HILLSIDE, NJ — The township’s police union president has accused the chief of trying to turn the department against him in a newly filed lawsuit against the top cop.
Fraternal Order of Police Lodge 82 President Michael Flowers filed a hostile work environment and whistleblower suit against the township and Police Chief Vincent Ricciardi in state Superior Court on June 13.
Ricciardi or his appointment as chief last year has been the subject of three lawsuits filed by members of the police department.
“After speaking with our township attorney on this matter, we have been advised that the Township cannot comment on pending litigation,” township spokeswoman Natalie Pineiro said in an email.
Flowers, who has been working as an officer for about 12 years in the department, claims Ricciardi moved him to a different platoon to “punish him” for making a complaint in October about an unidentified police sergeant. The lawsuit alleges the sergeant had made changes to a police report Flowers wrote without his consent.
An attorney for Flowers, Patrick Toscano, told LocalSource the sergeant was not identified in the suit because there may be a pending “confidential” internal affairs investigation about the incident.
According to the lawsuit, other officers in the department told Flowers the sergeant was heard saying Flowers was transferred because he was “a bad influence and was turning other officers against the supervisors.”

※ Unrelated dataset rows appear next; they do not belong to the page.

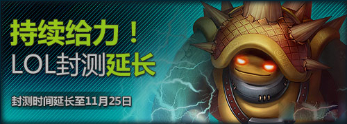 《英雄联盟》给力封测原定于2010年11月15日结束,但很多玩家反应希望能在国服体验到最新英雄LeBlanc(中文名待定),我们在各大媒体的LOL专区也看到高达93%的玩家期望国服更新,因此经项目组讨论决定在不影响内测进度的前提下,我们将封测延长至11月25日,并会在下周更新LeBlanc版本,感谢大家对LOL的厚爱,LOL的内测预计将在12月开启,本次封测中召唤师等级达到30级,或者ELO排名2000名以内的玩家将直接获得内测权限!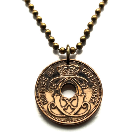 Denmark Danmark Danish 2 Ore coin pendant initial C X Copenhagen Aarhus Odense Aalborg Danes Scandinavian Nordic Esbjerg Danskere Randers Kolding Zealand Funen Faroese Jutland Vendsyssel Thy n000127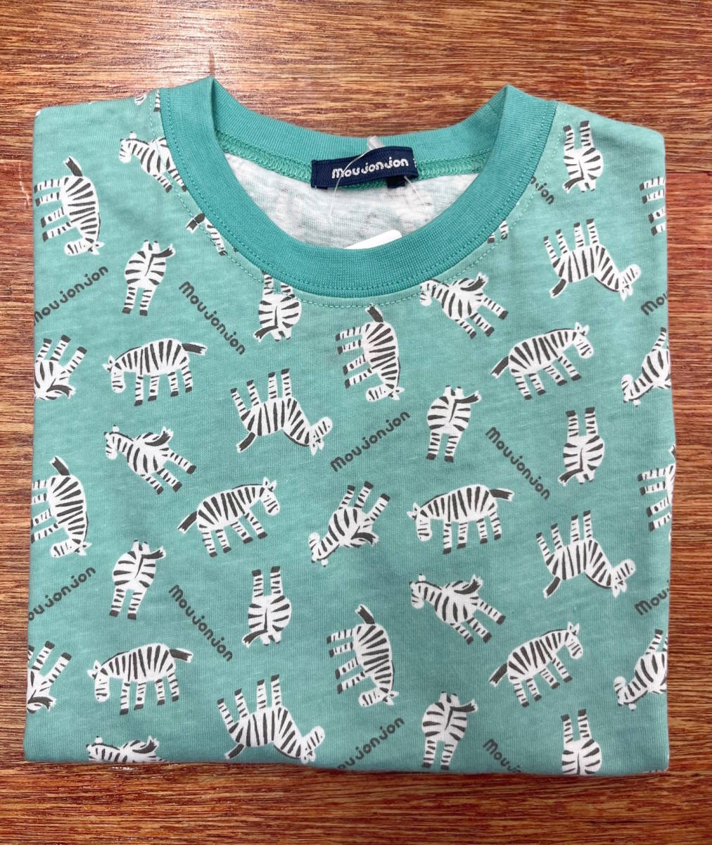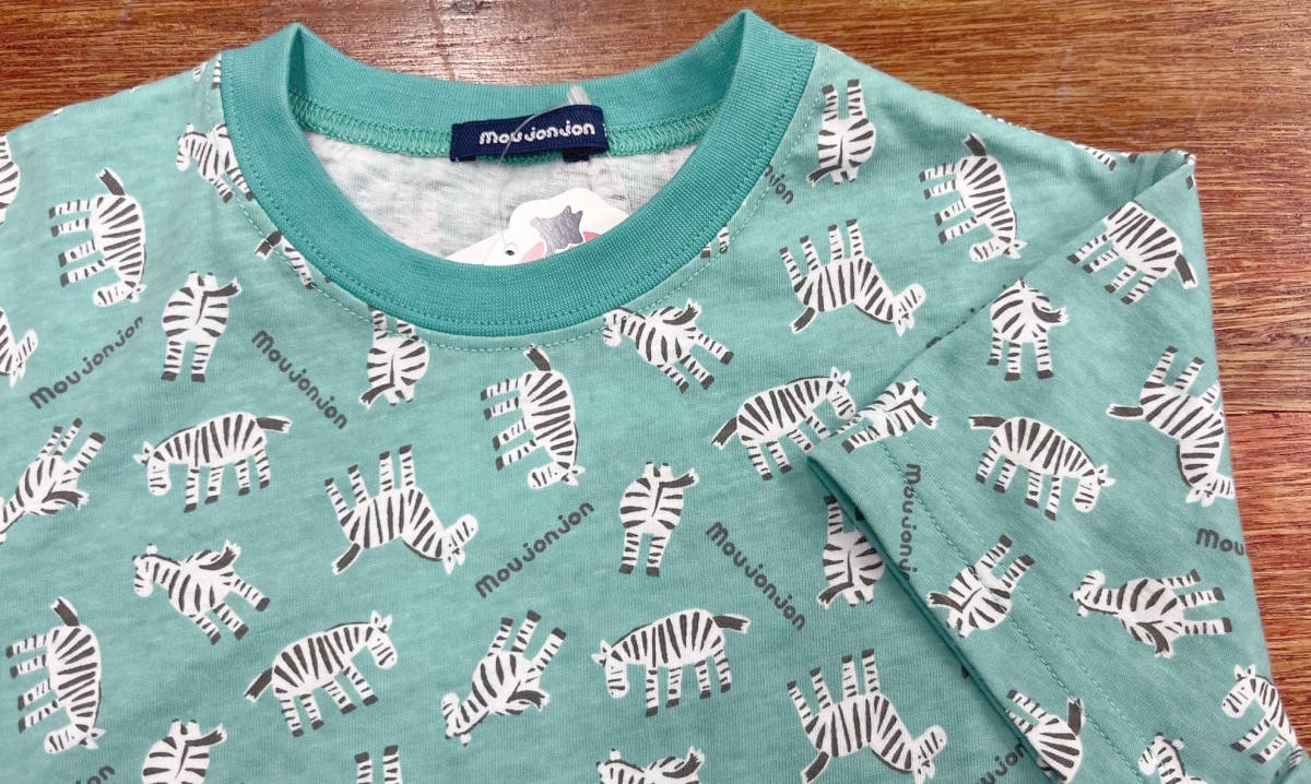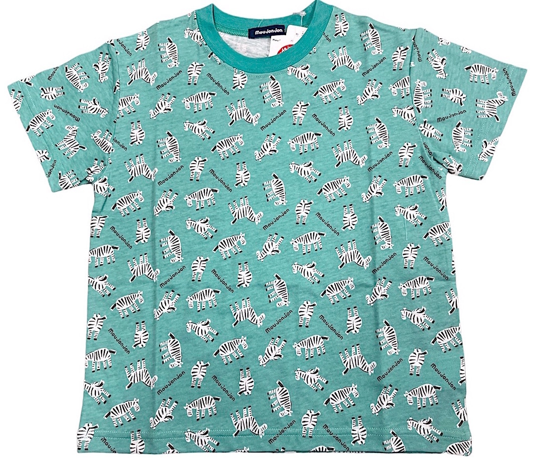 お買い得プライス品 新品タグ付 Moujonjon ムージョンジョン★しまうま柄★天竺 半袖Tシャツ★日本製 130cm 9-10才 ¥1430

The lawsuit alleges Ricciardi took “umbrage” at Flowers for his work in the police union, which often made Flowers take on the administration and chief.
In May 2017, both local police unions in Hillside took a vote of confidence for former acting police Chief Louis Panarese. Panarese sued the township after former Mayor Angela Garretson demoted him and appointed Ricciardi in his place.
As previously reported by LocalSource, Ricciardi’s appointment caused strife within the department. Capt. Nick Lomonte also sued the township, alleging he’d been passed up for the chief position by the former mayor out of retaliation.
Flowers’ suit claims Ricciardi accused him of fabricating a burglary incident he had reported seeing at his home. According to Flowers, he saw a ladder leaning up against his house April 24, and believed a burglary was either taking place or had already occurred.
“Ricciardi went so far as to assign every officer and detective in the department to help to gather evidence with the sole purpose to charge the plaintiff for fabricating evidence,” the suit reads.
The suit also claims that Ricciardi suggested Flowers make a video statement so that fingerprint and DNA analysis could be obtained, and that the the chief made it known he wanted to report Flowers to the Union County Prosecutor’s Office.
Ricciardi also issued Flowers a counseling letter as a form of discipline “for not saying hello or talking to him,” a “silly” allegation, the suit claims. The chief also allegedly denied Flowers’ request to speak with students at George Washington Elementary School during a volunteer event, which the suit claimed violated the officer’s freedom of speech.
EDITOR’S NOTE: A previous version incorrectly identified a defendant in earlier lawsuits.